No, the moment that is worth the price of an IMAX ticket arrives with the shuttle liftoff, as engines roar to the point that the seat nearly vibrates and exhaust clouds envelop the screen so completely, you can almost smell it.

The heart of “Hubble,” narrated with appropriate studiousness by Leonardo DiCaprio, follows the 2009 mission of the Atlantis crew as they travel to the Hubble Space Telescope to repair its injuries.

For months before the launch, the seven-member team trained at the Johnson Space Center in Houston, burrowing four stories underwater – to simulate weightlessness – and making mock repairs to a life-size model of Hubble, then nearly two decades old.

The astronauts are a fun bunch for film, playing Jack Johnson’s “Upside Down” inside the shuttle – seemingly without irony -- and sharing tips that mere mortals will never need to utilize, but will still prompt a chuckle.

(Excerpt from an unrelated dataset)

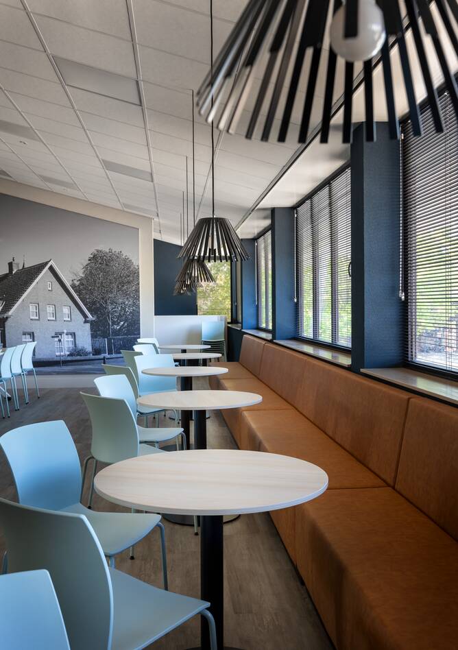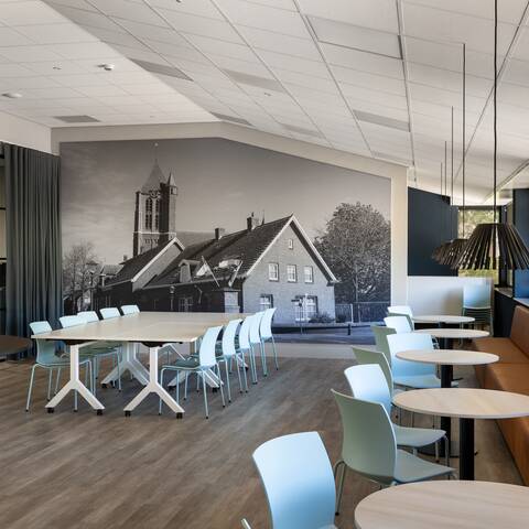The multifunctional area on the first floor is used for training courses, but also for anniversary parties and Saint Nicholas celebrations, for example. The room exudes the cosiness that Brabant is known for. Dirty work clothes or spilt fried snacks are no problem for the artificial leather sofa and plastic chairs with recycled shells. Danon van der Hoeven: "We opted for Gispen TEAM tables in different configurations here: high models with stools and low round tables. This adds to the informal and pleasant atmosphere. The Forbo top layer is a natural material that feels warm to the touch. These tables are light, due to their poplar plywood construction, and are therefore more sustainable when transported. NAS Geffen was very enthusiastic about the sustainable design and high quality of the Gispen furniture, which allowed us to incorporate a wonderful range of products."

The last thing an astronaut does before putting on his or her helmet? Scratches.

Want to know about those pesky bathroom issues in space? It’s all about suction, according to one pro.

The film, which is helmed by the same team behind 2002’s “Space Station 3D,” including director Toni Myers, doesn’t shirk the controversial elements of space travel. Old news footage bemoans the initial lack of Hubble's capabilities, while snippets from a congressional debate about whether it was worth maintaining the telescope are a sad precursor to the eventual closing of the NASA’s Space Shuttle program this year.

But watching the Atlantis crew replace and repair Hubble parts during five spacewalks is astonishing and DiCaprio’s planetarium-like coda to the mission puts our place in the universe into thoughtful perspective.

Expect to walk out of the movie feeling very small.

Movie preview

"Hubble"

Directed by Toni Myers. Rated G. At IMAX Theatre at Fernbank Museum of Natural History (through Jan. 1). Running time: 43 minutes.